Comment ne pas comprendre l’indécision de cet électorat quand il voit et entend, par exemple, Steeve Obeegadoo renier son ancien leader. Et se servir des qualificatifs ronflants qu’il utilisait naguère pour flatter Paul Bérenger, tels quels pour rendre aujourd’hui hommage à Pravind Jugnauth ? Comment peut-on faire confiance à des politiciens qui peuvent changer de leader comme de chemise et d’idéologie comme de chaussettes et dire aujourd’hui, avec la même conviction, le contraire de ce qu’il ont affirmé pendant des années ? Comment peut-on voter pour un ministre qui n’hésite pas à comparer son leader du jour à rien de moins qu’un Dieu ? Comment veut-on que le Mauricien se retrouve dans ces changements d’alliance, de loyautés et de langages qui n’ont qu’un objectif pour ceux qui les pratiquent : arriver au pouvoir par n’importe quel moyen, en jouir et s’y maintenir.

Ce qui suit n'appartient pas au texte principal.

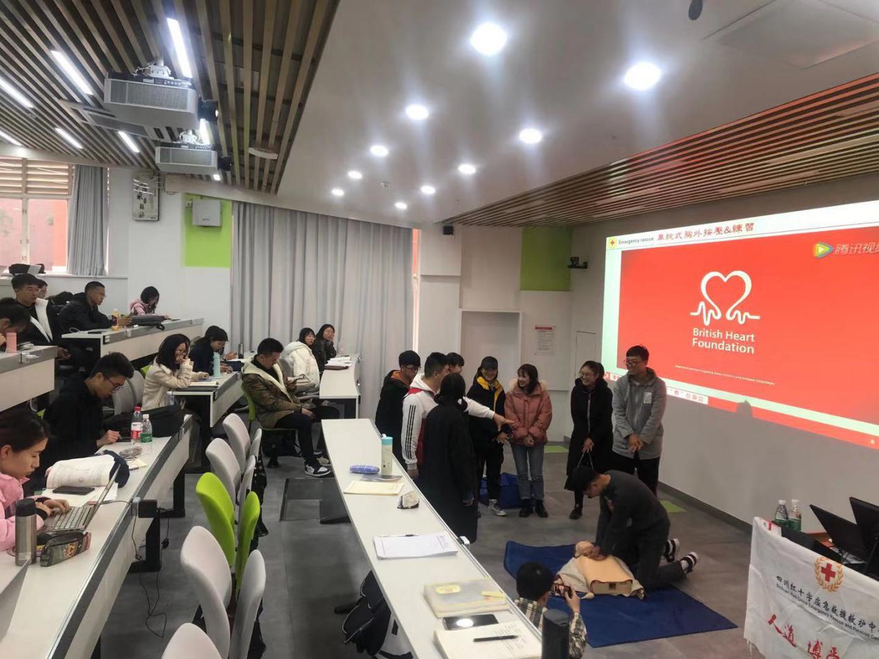 林久捷老师围绕红十字会相关情况、生存链含义、心肺复苏知识与操作方法、自动体外除颤仪原理及使用方法、意外伤害和常见急症处理办法等向学员全面讲授了应急救护相关知识,并与文盖老师一起带领学员进行现场练习。

Comment croire dans un gouvernement qui, malgré ses grands discours sur le mauricianisme, ne rate aucune occasion pour tenter de dresser une communauté contre les autres pour pratiquer une stratégie de divide and rule dont il espère profiter électoralement ?

Comment croire dans un gouvernement qui envoie ses ministres visiter des expos à l’étranger en dépensant des millions alors que le pays subit une grave crise économique et qu’une majorité de Mauriciens ne sait comment faire nourrir sa famille à la fin du mois ?

Comment croire dans une opposition qui, au lieu de s’unir pour combattre le gouvernement, passe son temps dans des querelles d’ego, pour savoir qui sera le leader de l’alliance — pas encore conclue — qui affrontera le MSM aux élections qui auront lieu dans… deux ans ?! Comment veut-on que les jeunes aient envie d’aller voter, ou de s’engager en politique, quand ils ont devant leurs yeux le spectacle désolant que leur offrent les partis politiques, TOUS les partis politiques ? Le nombre important d’indécis est quelque part réconfortant. Il signifie que, contrairement à ce que pensent les politiciens, les Mauriciens ne sont pas des avaleurs de bobards qu’il est facile d’influencer. Le nombre d’indécis indique aussi que les politiciens devront les convaincre avec un programme sérieux et de bons arguments, pas avec un chapelet de promesses. Il ne faut pas oublier que les dernières élections ont été remportées avec seulement un peu plus de 30% de suffrages exprimés. C’est pratiquement ce que représentent les indécis.